One Lubbock neighborhood is fed up with a mysterious sewer smell that has been lingering for years. At Thursday's city council meeting, some neighbors urged the council to investigate this problem.
"If you get a good whiff of it, it will make your eyes water. It will give you a headache," said Becki Laurent.
"It takes your breath away," said Karen Watson.
"It's a sewer gas, whatever you want to call it, but I mean it's just terrible," said Jimmy McCann.
People along 60th Street between Canton and University have had enough of a rancid smell that will not leave them alone.
"Sometimes we can go off and come home and the smell just hits you in the face. And we have family members that come over and they don't want to stay here because of the smell of the house and you know we have to live here, this is our home, we've been here over 20 years, so we have to stay here, but I don't know it's a serious problem," said Vicki McCann.

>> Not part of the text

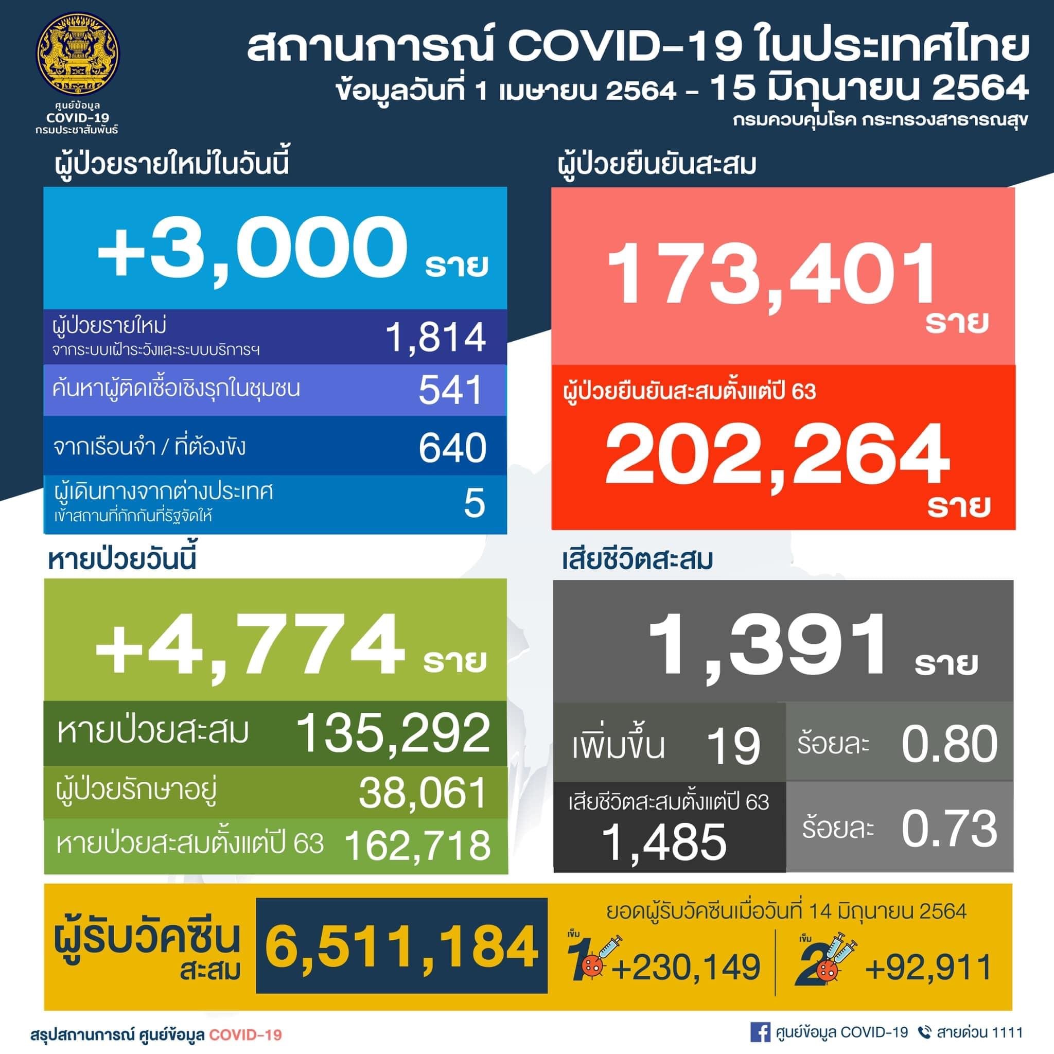 BANGKOK 15 Jun – Thailand akhirnya merekodkan 200,000 kes jangkitan Covid-19 apabila 3,000 kes baharu yang dicatatkan hari ini menjadikan jumlah keseluruhan meningkat kepada 202,264 kes.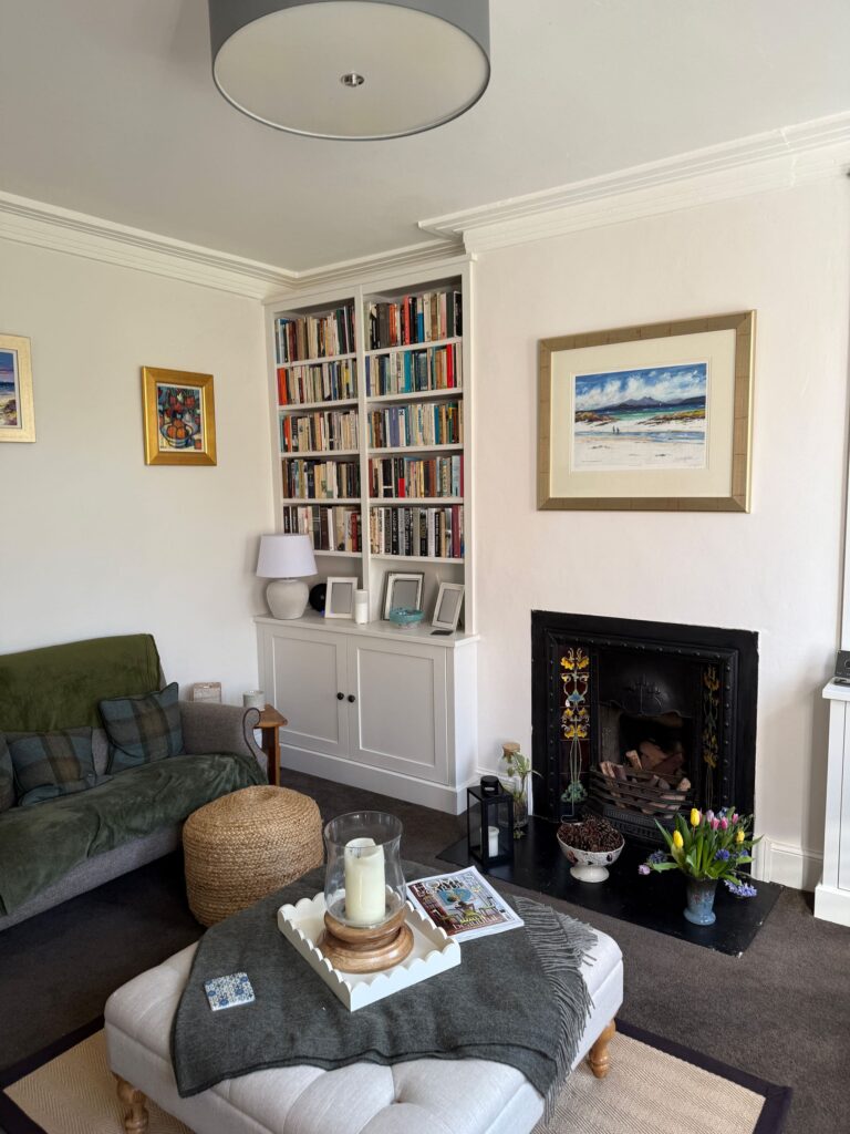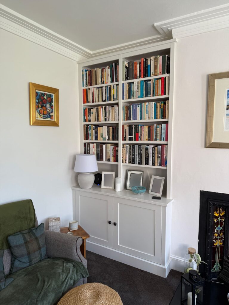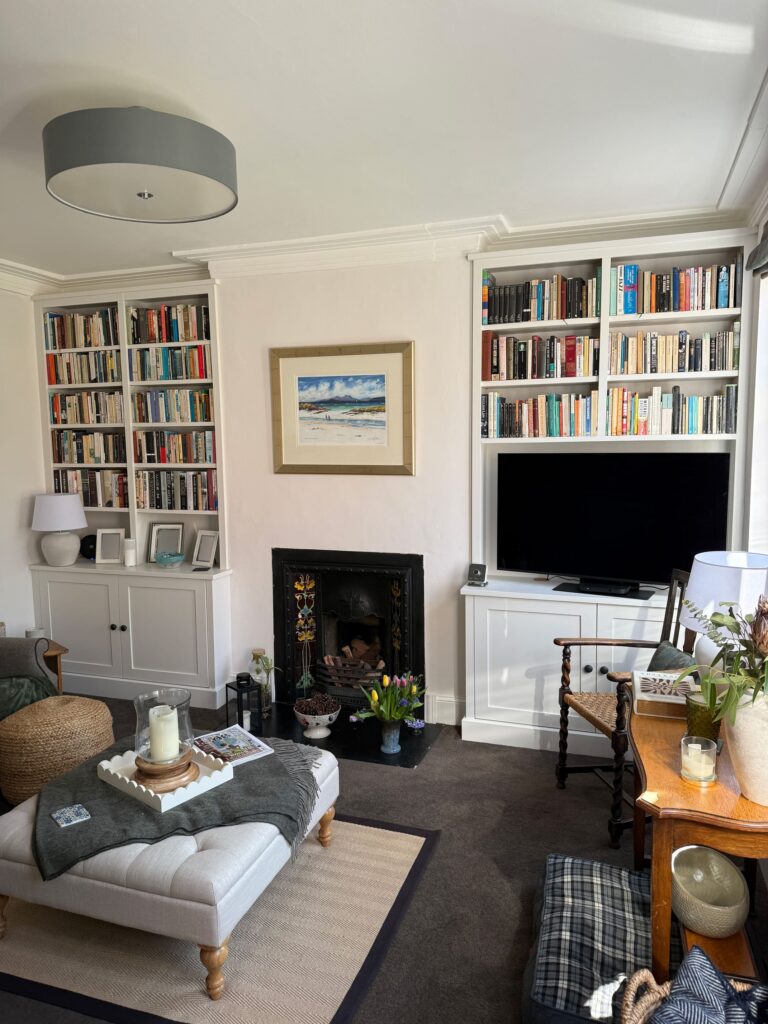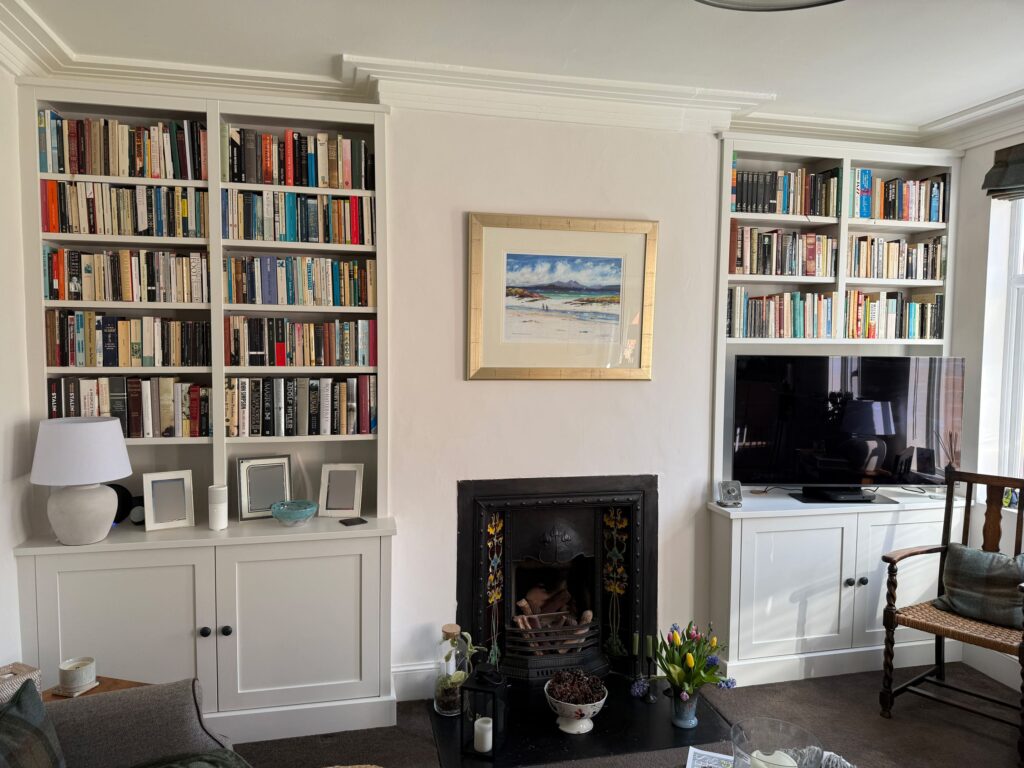 Two bespoke alcove units with bookshelves, space for TV, and storage cupboards. Fitted to surround fireplace, and painted in Farrow and Ball Strong White.

Becki Laurent says the smell has been there since she and her family moved in, four years ago. "It was outside in the backyard and we were told by the inspector that it was all over the city because it had been raining a lot that the sewer lines were all flooded that's when it was coming up out of the sewer lines and it was going to go away," said Laurent.
So what is this smell? The Lubbock Assistant Director of Water Utilities Aubrey Spear says all sewer systems generate hydrogen sulfide gas and methane gas, but it's the hydrogen sulfide that is causing the smell. The city says aging sewer lines and aging homes also play a role.
"It is a issue, it's a joint issue that we and the homeowners need to solve together obviously our system is exacerbating some of our problems in that area but they also have a responsibility that they need to make sure their aging structure is working properly," said Spear.
Right now the city is working to put backwater valves on certain sewage pipes to temporarily block some of the smell, while they work towards a more long term solution. The main sewage pipe is a 24 inch pipe that runs down the alley of this neighborhood. A long term solution would be to increase the size of that pipe. "This 24 inch line really needs to be increased to a 30 inch line as we continue to add more homes and businesses to the west it is coming down to these lines to the east," said Spear.
Karen Watson and Catherine Bridges have been staying at their parents' house, and believe the sewage gas could have played a role in their mother's death. "I'm not telling you this is what caused my mother's death, I'm telling you that it created it to be a premature death, because she could not breathe," said Bridges.
Now the good news is, if you can smell hydrogen sulfide, it is at lower concentration levels. The city advises people in this neighborhood to get their pipes checked for cracks, which could also be a part of the smell, but they are hoping to have the new, bigger sewage pipe installed in a few months.